Take decisions on whether to send an offender for some kind of diversion scheme – say drug treatment – rather than to court. A fiscal can only do that in an area where there is a properly resourced service. He or she cannot simply decide that somebody should be diverted to a project which does not exist or which is short-funded.
Thus the Lord Advocate, in an understated way, reminded his audience that the ability of prosecutors to divert an offender away from prosecution is “constrained by the diversity of provision” of such schemes.

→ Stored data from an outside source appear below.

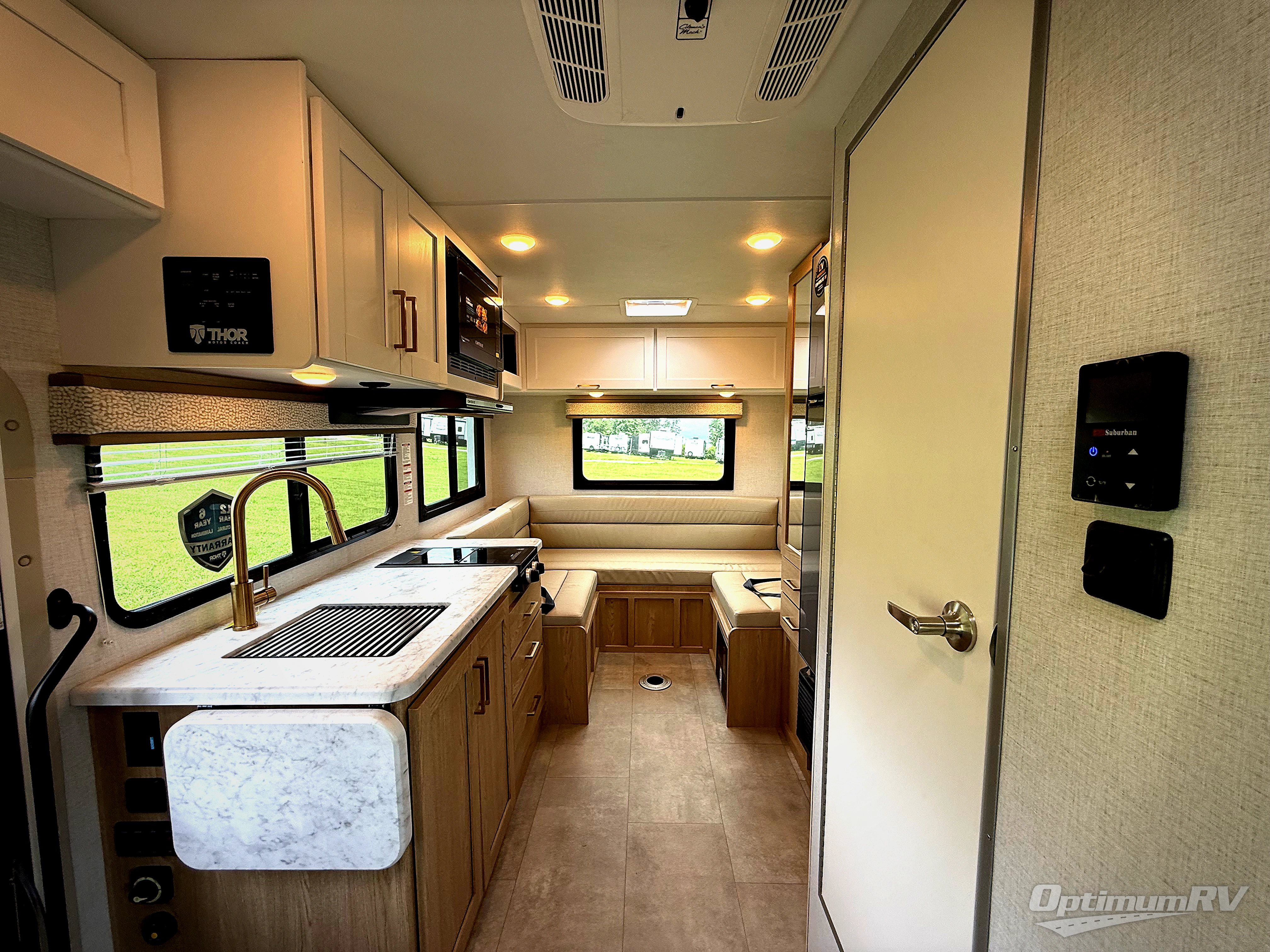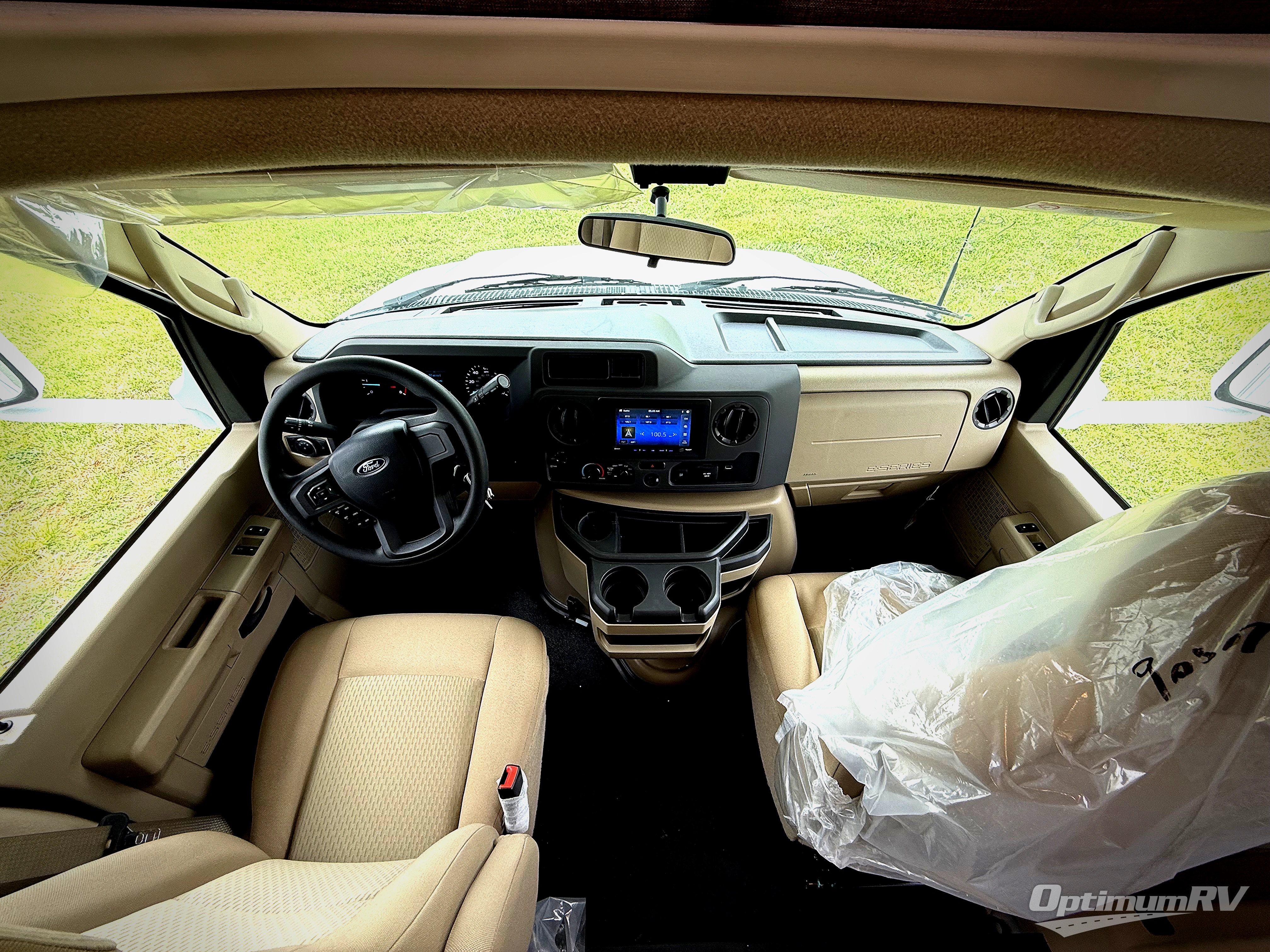 With any Chateau ESpec Class C gas motorhome by Thor Motor Coach, you will find convenient amenities, a modern interior, and a reliable Ford E-Series chassis, with an optional Chevy chassis on select models to power your adventures. There is welded tubular aluminum roof and sidewall cage construction, a one-piece fiberglass front cap, and a premium one-piece domed roof membrane for added strength. Residential vinyl flooring will be easy to keep clean, and you'll love the sleek look of the Hampton Collection two-toned cabinets. These motorhomes also include a 50 State 4.0 kW dual gas/LP generator and a 30-amp shoreline power cord to keep you going, along with a tankless water heater and 13,500 roof front A/C to ensure your comfort!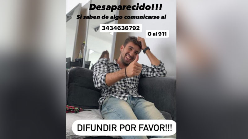 “Hemos perdido el rastro y no lo encontramos. La última comunicación que fue con su novia ayer a las cuatro, cinco de la tarde 16. A la noche iba a ir al gimnasio con un amigo y no apareció; después lo estaban esperando los amigos para ver el partido pero no aparecía y empezaron a llamarlo al celular y no contestaba, directamente daba apagado”, expresó.Ante esta situación, “empezamos a preguntarnos entre todos si habíamos tenido contacto, pero nadie lo había visto y empezamos a buscar por todos lados”.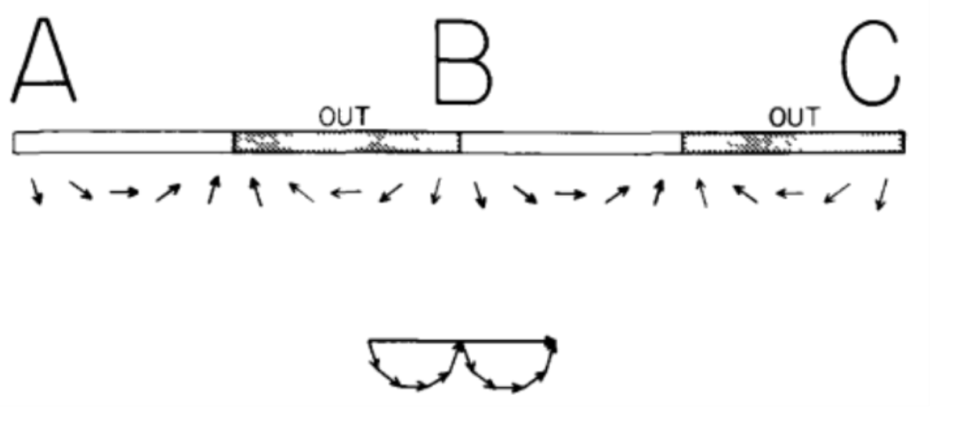 这是一个衍射光栅,即使我们用白光照射它,它也能反射不同颜色的光。衍射光栅的一个简单例子就是光盘!和前文提到的一样,利用箭头可以计算在有镜子处出射的概率。如果我们刮去或覆盖所有指向左边的箭头,我们就可以防止概率互相抵消,进而导致反射发生,这就是衍射光栅的工作原理。用费曼自己的话说: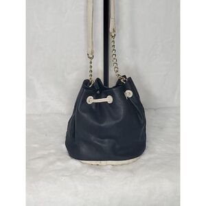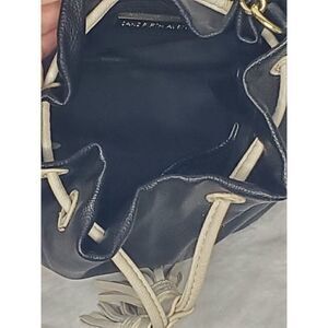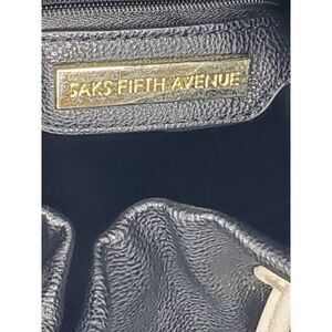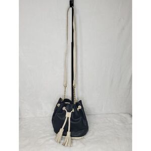 Saks Fifth Avenue Drawstring Vegan Leather Black /Ivory Crossbody Purse Bag

Mr Wolffe welcomed the new national body, Community Justice Scotland, to oversee the whole system of non-custodial disposals – and try and end the revolving door of repeat offenders going in and out of jail.
The Lord Advocate – well aware of the “soft-touch Scotland” – has made his own study of other systems.
Prosecutors may not have discretion. But they do have choice, choices that put them, Mr Wolffe says, in the “European mainstream”.
Scotland has had a single police force for four years. It has had a single head of prosecution for four centuries. Can it be sure there is no postcode lottery for justice?